They flew down the zip wire in the fan park and, predictably, they covered the square outside the Amazonas Opera House with St George Crosses.
Manaus itself was not the only welcome surprise that came there. England fans downed lagers on the beach side in Ponta Negra as the big screens showed a creaking Uruguayan defence torn apart by a fast Costa Rican attack, and a team desperate for goals still unable to bring on the evidently far from fit Luis Suarez.
Then, with Raheem Sterling starting behind Daniel Sturridge, Roy Hodgson had picked the team the fans wanted. And they attacked with fluidity and verve.
The night was cooler in the end than had been feared, and England played with a certain degree of fearlessness too. But in the wet furnace of the amazon nature is at its most unforgiving, and on the burnt but true playing surface of the Arena da Amazonia, this was also to be the case. Where England fans had swam in the morning is the home of the candiru, the fabled fish that has been known to swim up a man’s urethra and establish his home at the other end. Likewise on the pitch, England seemed unaware of the ease with which they had been taken over by an altogether more canny beast. Andrea Pirlo, all 35 years and dark thick beard of him, controlled all around him in the hot, heavy air.
2,000 miles away, in the beach side kiosks of Copacabana, as Mario Balotelli shook out thought and out muscled Gary Cahill to head in the winner, the tens of thousands of Argentina fans who had gathered for their team’s game at the Maracana the next day, celebrated just as wildly as the few and far between Italians.
It is tempting to wonder if the philosophical praise and encouragement that nevertheless greeted the loss from almost every corner of the press and the wider public would have been the same had England’s first two matches been played the other way around. It remains a defeat, and Argentina in 2002 and France in 1986 remain the only two occasions since 1966 that England have beaten a major football power in a World Cup match. Not good enough.
The England defence, so rarely talked about in the last decade or more, because it has always been packed with world class players and rarely made mistakes, was a pale imitation of its recently former self.
The fans who made the journey from Manaus to Sao Paulo, Brazil’s giant cultural and economic heart, stepped off the plane in to a remarkably different world that they frankly hadn’t packed for. It was cold. At the Arena Corinthians, as England and Uruguay ran out, fans in shorts shivered in the seats that had been vacated the week before by a 60,000 strong sea of Brazilian yellow at the tournament’s opening match. That day that sea had been bathed in golden sun. Not tonight.
At the other end of the ground, England were outnumbered and outsung by Uruguay, understandable given the geography, but a real rarity for England. Waves of light blue bravely pogoed up and down on the banks of temporary seats that were never tested properly before the tournament, chanting: “Y ya lo ve! Y ya lo ve! El que ne salta! Es un ingles!”
“Now you see! Now you see! He who doesn’t jump is an Englishman!” It’s a chant they’d borrowed for the occasion from their Argentine neighbours, who sing it at almost every sporting occasion, whether the English are there or not.

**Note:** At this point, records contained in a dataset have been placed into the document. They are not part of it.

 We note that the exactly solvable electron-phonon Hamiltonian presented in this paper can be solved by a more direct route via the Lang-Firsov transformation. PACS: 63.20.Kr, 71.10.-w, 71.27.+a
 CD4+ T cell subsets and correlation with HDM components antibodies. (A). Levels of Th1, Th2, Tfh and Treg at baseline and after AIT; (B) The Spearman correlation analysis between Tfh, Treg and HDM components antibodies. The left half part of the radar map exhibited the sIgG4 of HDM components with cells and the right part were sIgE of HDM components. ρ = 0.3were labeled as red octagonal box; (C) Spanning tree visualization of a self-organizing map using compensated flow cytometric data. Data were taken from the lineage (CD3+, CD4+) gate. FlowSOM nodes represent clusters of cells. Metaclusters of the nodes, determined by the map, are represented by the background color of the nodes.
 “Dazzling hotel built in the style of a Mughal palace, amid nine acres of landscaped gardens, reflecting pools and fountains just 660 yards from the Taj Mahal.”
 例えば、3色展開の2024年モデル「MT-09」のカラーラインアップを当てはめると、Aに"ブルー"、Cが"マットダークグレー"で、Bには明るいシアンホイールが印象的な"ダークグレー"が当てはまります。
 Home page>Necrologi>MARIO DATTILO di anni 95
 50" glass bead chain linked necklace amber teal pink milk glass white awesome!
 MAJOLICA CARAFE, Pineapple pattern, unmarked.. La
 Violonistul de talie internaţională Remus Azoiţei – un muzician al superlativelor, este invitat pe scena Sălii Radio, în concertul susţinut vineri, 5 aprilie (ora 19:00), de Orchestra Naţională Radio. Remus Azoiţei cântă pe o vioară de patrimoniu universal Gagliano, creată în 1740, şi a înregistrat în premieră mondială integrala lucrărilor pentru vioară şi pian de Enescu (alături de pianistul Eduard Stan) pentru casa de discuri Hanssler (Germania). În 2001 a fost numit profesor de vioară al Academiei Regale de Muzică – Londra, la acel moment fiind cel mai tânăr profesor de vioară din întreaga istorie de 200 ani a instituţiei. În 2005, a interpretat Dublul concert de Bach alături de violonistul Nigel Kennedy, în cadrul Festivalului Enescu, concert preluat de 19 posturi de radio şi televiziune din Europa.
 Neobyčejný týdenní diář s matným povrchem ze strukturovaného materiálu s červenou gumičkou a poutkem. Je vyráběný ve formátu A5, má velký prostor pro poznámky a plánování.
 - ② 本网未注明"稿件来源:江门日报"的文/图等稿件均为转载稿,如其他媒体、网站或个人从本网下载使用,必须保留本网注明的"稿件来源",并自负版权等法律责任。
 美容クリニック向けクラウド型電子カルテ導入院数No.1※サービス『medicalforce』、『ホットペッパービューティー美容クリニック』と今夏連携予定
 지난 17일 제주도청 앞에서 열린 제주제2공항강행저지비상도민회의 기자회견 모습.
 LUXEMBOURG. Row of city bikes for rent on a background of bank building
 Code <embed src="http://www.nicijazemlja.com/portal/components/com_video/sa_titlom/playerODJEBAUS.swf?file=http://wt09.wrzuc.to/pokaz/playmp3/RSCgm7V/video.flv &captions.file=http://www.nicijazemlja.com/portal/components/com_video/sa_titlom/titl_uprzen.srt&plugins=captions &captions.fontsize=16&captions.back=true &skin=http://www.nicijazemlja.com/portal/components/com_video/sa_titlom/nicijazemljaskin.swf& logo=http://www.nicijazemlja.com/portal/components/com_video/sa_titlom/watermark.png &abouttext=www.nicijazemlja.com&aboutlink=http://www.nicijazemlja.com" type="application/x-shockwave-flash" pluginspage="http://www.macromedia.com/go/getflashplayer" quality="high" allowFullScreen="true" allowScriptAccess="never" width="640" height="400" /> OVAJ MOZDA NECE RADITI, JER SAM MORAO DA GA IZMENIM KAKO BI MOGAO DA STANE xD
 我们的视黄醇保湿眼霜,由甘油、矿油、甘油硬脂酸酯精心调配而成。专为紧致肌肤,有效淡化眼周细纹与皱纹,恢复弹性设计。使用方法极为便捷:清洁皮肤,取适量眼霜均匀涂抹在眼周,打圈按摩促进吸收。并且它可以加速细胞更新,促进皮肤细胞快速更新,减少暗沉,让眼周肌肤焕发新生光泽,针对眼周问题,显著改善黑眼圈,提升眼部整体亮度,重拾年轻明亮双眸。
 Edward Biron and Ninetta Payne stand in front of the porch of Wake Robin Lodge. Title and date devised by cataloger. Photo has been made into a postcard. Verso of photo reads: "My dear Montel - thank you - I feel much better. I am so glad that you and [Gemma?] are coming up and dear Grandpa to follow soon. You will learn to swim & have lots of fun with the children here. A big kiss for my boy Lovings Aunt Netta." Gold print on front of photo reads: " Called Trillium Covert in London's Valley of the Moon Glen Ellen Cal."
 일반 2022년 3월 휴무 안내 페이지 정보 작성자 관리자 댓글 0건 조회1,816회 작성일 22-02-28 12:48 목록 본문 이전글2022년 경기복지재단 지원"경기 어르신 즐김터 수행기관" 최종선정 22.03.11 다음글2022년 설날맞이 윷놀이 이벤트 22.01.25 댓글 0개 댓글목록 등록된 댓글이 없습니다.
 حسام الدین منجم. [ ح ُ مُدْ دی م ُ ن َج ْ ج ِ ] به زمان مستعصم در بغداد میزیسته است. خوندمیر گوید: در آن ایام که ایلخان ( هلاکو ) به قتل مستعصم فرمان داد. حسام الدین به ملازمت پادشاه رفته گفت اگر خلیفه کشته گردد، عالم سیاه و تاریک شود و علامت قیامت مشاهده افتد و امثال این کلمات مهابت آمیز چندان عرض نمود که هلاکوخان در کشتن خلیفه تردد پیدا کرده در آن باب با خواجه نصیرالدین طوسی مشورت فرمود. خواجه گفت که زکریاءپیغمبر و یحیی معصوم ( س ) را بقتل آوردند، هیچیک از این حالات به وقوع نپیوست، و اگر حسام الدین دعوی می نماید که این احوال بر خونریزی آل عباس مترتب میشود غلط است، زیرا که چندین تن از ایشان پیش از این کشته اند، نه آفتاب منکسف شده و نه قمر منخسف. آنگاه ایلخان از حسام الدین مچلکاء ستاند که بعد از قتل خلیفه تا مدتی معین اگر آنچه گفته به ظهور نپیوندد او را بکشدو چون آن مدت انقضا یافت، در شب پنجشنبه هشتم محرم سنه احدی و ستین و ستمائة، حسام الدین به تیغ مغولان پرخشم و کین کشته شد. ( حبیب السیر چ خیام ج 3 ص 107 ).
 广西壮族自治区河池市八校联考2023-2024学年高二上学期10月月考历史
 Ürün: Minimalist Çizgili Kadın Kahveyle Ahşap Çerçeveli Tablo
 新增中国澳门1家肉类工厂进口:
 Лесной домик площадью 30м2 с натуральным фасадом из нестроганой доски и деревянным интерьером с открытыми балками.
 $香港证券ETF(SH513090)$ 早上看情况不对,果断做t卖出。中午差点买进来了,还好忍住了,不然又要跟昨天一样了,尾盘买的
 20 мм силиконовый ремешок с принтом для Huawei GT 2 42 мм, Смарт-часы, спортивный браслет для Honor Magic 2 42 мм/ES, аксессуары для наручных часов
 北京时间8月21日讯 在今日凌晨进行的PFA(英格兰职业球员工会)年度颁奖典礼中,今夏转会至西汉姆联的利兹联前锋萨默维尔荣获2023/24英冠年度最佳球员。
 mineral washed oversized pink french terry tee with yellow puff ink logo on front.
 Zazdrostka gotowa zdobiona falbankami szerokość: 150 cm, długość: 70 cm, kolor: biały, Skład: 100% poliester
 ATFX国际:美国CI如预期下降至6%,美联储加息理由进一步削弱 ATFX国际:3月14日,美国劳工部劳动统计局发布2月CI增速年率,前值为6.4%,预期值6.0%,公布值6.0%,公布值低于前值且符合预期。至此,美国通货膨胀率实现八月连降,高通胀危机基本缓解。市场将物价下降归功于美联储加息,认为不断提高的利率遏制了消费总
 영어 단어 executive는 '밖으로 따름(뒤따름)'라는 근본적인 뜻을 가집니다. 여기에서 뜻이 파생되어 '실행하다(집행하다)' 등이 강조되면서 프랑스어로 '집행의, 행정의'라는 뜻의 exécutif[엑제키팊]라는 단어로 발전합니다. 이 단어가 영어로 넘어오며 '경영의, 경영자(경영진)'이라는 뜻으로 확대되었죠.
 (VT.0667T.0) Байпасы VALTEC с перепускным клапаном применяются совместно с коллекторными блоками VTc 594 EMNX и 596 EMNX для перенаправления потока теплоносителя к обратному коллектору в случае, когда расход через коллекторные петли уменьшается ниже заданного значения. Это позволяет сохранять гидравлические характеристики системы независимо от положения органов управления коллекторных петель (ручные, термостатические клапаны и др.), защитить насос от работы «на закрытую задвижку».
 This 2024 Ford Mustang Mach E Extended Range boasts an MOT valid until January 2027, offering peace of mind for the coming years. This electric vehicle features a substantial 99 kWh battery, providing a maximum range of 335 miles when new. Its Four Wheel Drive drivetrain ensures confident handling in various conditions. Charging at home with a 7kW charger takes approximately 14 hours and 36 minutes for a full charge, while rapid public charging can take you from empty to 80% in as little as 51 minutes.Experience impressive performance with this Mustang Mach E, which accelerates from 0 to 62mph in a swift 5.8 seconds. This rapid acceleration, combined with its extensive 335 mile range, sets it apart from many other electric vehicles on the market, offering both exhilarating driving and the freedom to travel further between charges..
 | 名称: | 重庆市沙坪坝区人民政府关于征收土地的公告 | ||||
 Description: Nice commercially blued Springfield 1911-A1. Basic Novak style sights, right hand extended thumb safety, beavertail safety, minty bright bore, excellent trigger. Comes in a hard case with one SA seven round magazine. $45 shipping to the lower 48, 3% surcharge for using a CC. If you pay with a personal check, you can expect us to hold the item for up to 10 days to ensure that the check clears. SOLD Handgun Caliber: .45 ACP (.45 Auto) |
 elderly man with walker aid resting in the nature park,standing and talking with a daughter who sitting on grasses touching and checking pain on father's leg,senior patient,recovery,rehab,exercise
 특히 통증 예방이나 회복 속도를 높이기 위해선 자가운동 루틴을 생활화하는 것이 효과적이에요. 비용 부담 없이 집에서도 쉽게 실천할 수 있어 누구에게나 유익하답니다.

Uruguay had lost two of their back four from the first game that they’d lost 3 - 1, one through injury, one through suspension. A 19 year old, Jose Maria Gimenez, came out for only his eighth cap. Only weeks after being pictured in a wheelchair, Luis Suarez was back.
England were worse than they had been against in Italy. But it’s not overly generous to them to say the game turned on fine margins again. As an English keeper and back four from Manchester City, Liverpool, Chelsea and Everton know very well, fine margins are all that Luis Suarez requires. For the first thirty minutes, he was idle. Perhps he might never come to life at all. But by the end of the 90, he had had two clear chances and taken them both, one with the cruel assistance of his Anfield friend and captain Steven Gerrard.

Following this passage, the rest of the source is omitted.